All these qualities are evident in a track like I’ve Found a New Baby, one of four tracks recorded by the New Orleans Feetwarmers in 1932, the year when this compilation starts. The album omits earlier recordings like those he made with Clarence Williams in the early 1920s. And I can’t find any of the records that Bechet made with Louis Armstrong. At any rate, Sidney is well supported on these 1932 cuts and on many later tracks by Tommy Ladnier, who proves himself an ideal lead trumpeter. Dear Old Southland begins with Bechet playing a poetic cadenza, while When the Sun Sets Down South shows his poignant side.
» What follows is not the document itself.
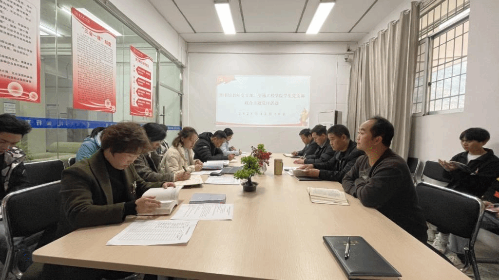 (本网讯黄毅丹/文 张廉/图)为引导广大师生党员深读研学十九届六中全会《决议》,进一步坚持唯物史观和正确党史观,深刻认识中国共产党百年奋斗的历史意义,从党的百年奋斗中汲取精神力量,更加坚定、更加自觉地践行初心使命,2021年12月10日中午,图书馆教师党支部与交通工程学院学生党支部在图书馆一楼研讨室联合开展“学习贯彻党的十九届六中全会精神——马克思主义中国化的‘三次飞跃’”主题党日活动。

This collection includes many recordings made by orchestras led by Bechet, and also numbers where he plays with the bands of other people, such as Noble Sissle, Jelly Roll Morton and Claude Luter. Exciting as many of the bigger-band numbers can be – mostly at fast tempos – I find myself drawn to the recordings made by Bechet with smaller groups. Outstanding among these is The Sheik of Araby, where Sidney accompanied himself using no fewer than six instruments – an early example of multi-tracking. He delivers Strange Fruit movingly, leading a trio completed by pianist Willie “The Lion” Smith and guitarist Everett Barksdale. Another memorable trio recording was Blues in Thirds, with Earl Hines and Baby Dodds. And it is good to hear him in a sextet (tracks 8, 9, 11 and 12 on the second CD) with Charlie Shavers, one of the most underrated musicians in jazz. He is especially rhapsodic in What is This Thing Called Love?

The last CD is dominated by recordings in France, where Bechet spent the last years of his life. It was a fruitful period, including two compositions by Sidney which widened his appeal. Petite Fleur became a hit – if not for Bechet then for Chris Barber’s Jazz Band. And Les Oignons (“The Onions”) was taken up by innumerable trad bands.

Sidney was never backward in coming forward, and I suspect he chose to play the soprano sax because it could soar over the other instruments. But this assisted his lyricism and the rich legato lines he created, letting the music flow. He may have been a difficult man to work with but he was a ground-breaking musician who set a very high standard.